翌朝目覚めると、またクローゼットの中だった。
「クリスティアーヌ様、起きていらっしゃいますか?」
扉を叩くマディソンの声が聞こえて、慌ててクローゼットから出る。
「どうなさいましたか?」
ガタガタとクローゼットを開ける音が聞こえたのか、マディソンが血相を変えて扉を開けた。
「おはよう」
間一髪、マディソンが入ってくるのとクローゼットの前で立ち上がるのが同時だった。
「何をされているのですか?」
「え、えっと今日は何を着ようかな…と」
「まあ、珍しい。いつも何を着るかあまり興味がございませんのに」
「……たまにはね」
「そうですね。今日はこのあたりなどいかがですか?」
そう言ってマディソンが取り出したのは紺に金の刺繍が入ったワンピースだった。
「旦那様はもう起きていらっしゃるの?それともまた書斎で徹夜を?」
「一度お休みになられたようですが、朝早くにまた書斎へ………クリスティアーヌ様こそ、きちんとお休みになられました?」
マディソンに訊ねられどきりとした。
「ちゃんと寝たわよ」
確かに寝台で寝ていた筈なのに、目が覚めたらクローゼットだった。はっきりどれ程寝たか覚えていない。
「そうですか……痣、昨日より濃くなりましたね」
着替えの途中でマディソンが腕を見て言う。
「誰にも言っていないわよね。特に旦那様には言わないで……」
昨日は結局色々ありすぎて、彼に痣のことを言う機会を逃した。
「言っておりません……ですが、あの痣……大きさから見て男性の……夜会で何かあったのでは」
「お願いマディソン……何も訊かないで。

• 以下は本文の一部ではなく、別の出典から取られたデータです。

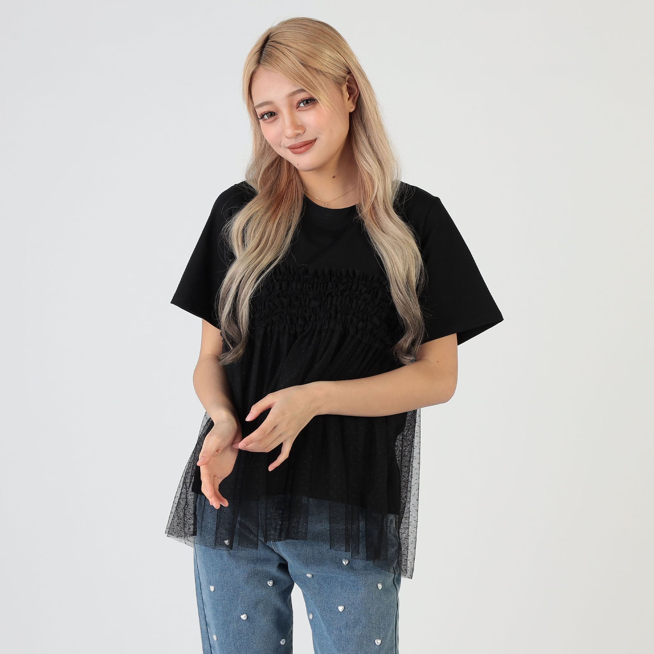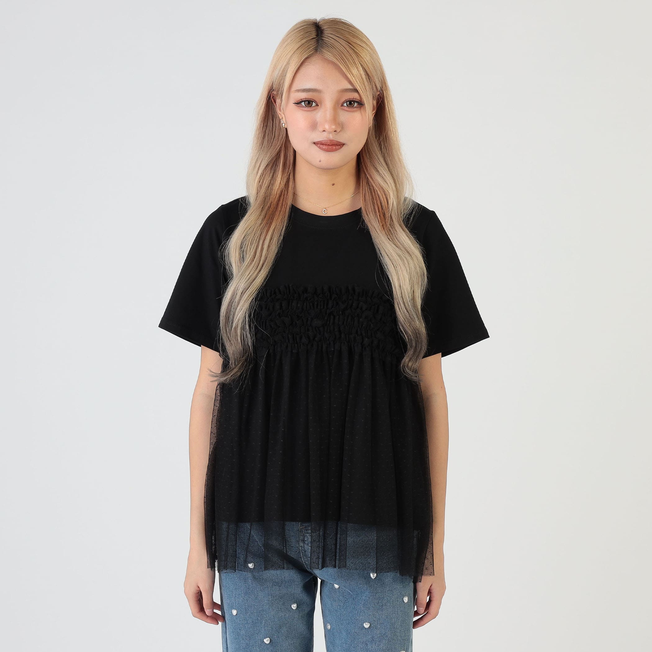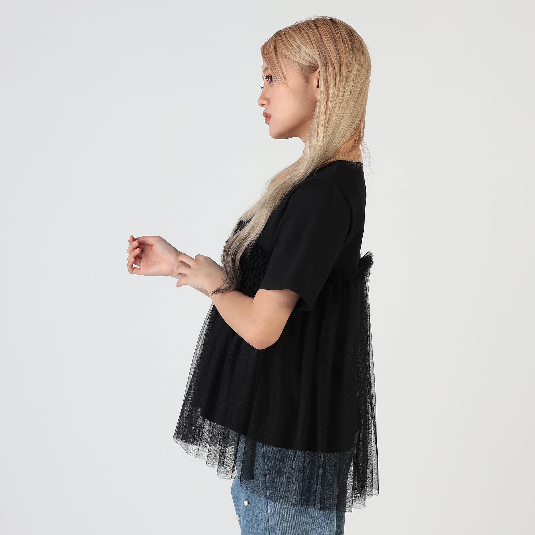 シンプルなTシャツにチュールフリルが映える1枚。これ1つで旬顔なトレンドスタイリングが完成します。透け感のあるチュール素材で、ティアードデザインが身頃に施され、大人フェミニンな雰囲気を演出します。シンプルに使いやすいクルーネックと、ベーシックな半袖が、普段のコーデに取り入れやすいポイントです。ボトムには、リラックス感のあるワイドパンツや、ショートパンツの他、ペンシルスカート、ナロースカートなどを合わせるとバランスよく着こなせます。春夏のファッションに華やかさと、エレガンスをプラスし、普段のスタイリングをアップデートしてくれる1着です。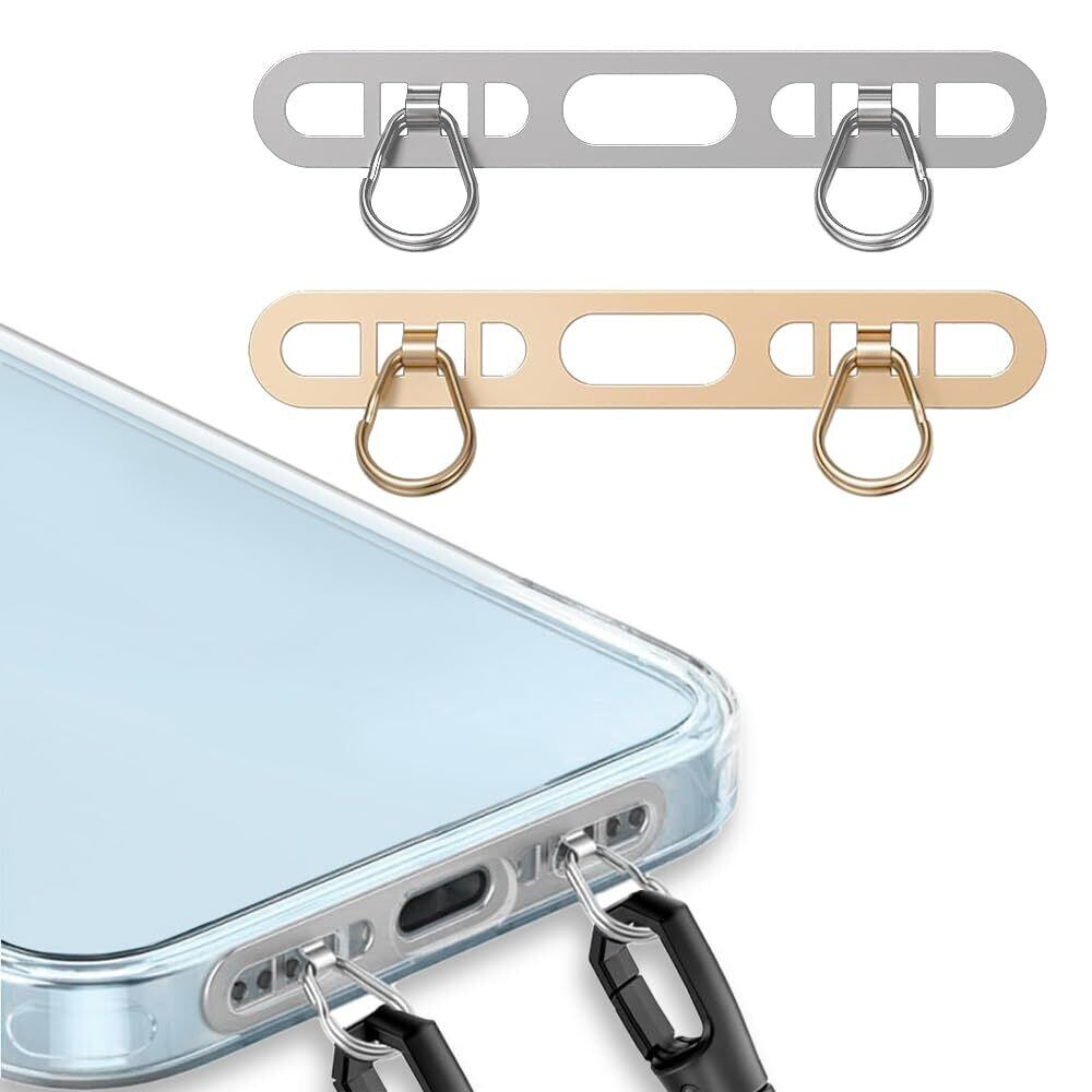 [ALUBES] お得な2個 極薄0.4mm スマホ ストラップホルダー 金属製 2口タイプホルダー ステンレス製 金属製スマホストラップ用パッチ 簡単取り付け 充電干渉なし 落下紛失防止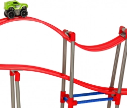 The green car included in the set is specially designed to handle extreme routes. Thanks to power from two AA batteries, it moves along the track on its own without any trouble.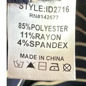 Material: 85% Polyester, 11% Rayon, 4% Spandex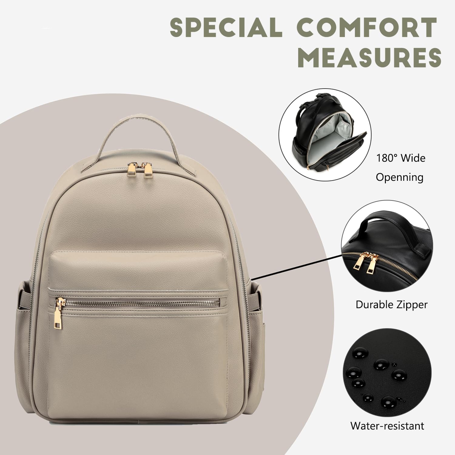 Loradi Small Diaper Backpack With Stroller Buckle, Insulated Pockets And Water-Proof Pocket (Beige)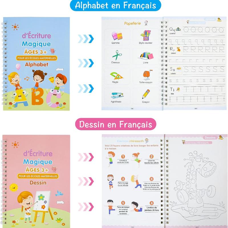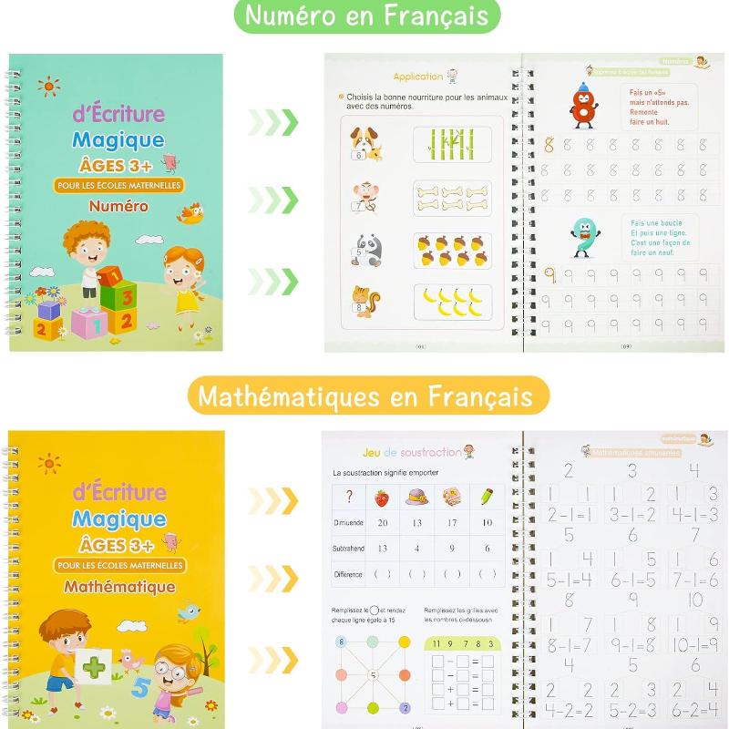Chaque Pack comprend un lot de 4 cahiers magiques: Lettres, Alphabet, Numéros, Mathématiques et Dessin. Mais aussi :1 stylo magique, 5 recharges d'encre magique qui s'efface en 10 minutes, et 1 grip de maintien du stylo.

この痣もその内消えるから心配しないで」
頑なに何も言わない私にマディソンもそれ以上追及するのを諦め、残りの仕度を終えた。
初めてクローゼットで目覚めたのは夜会の夜だった。
そして夕べもクローゼットで目覚めた。
叔父との対面が引き金を引いたのは確かだ。
そしてもうひとつの不安。
ルイスレーン様のことをよく知らなかった時も、実際会ったらどんな人なのだろうかという不安はあった。でもそれはどこか人見知りのようなものだった。人と初めて会う時はいつも緊張する。それが気に入られたいと思う相手なら尚更だ。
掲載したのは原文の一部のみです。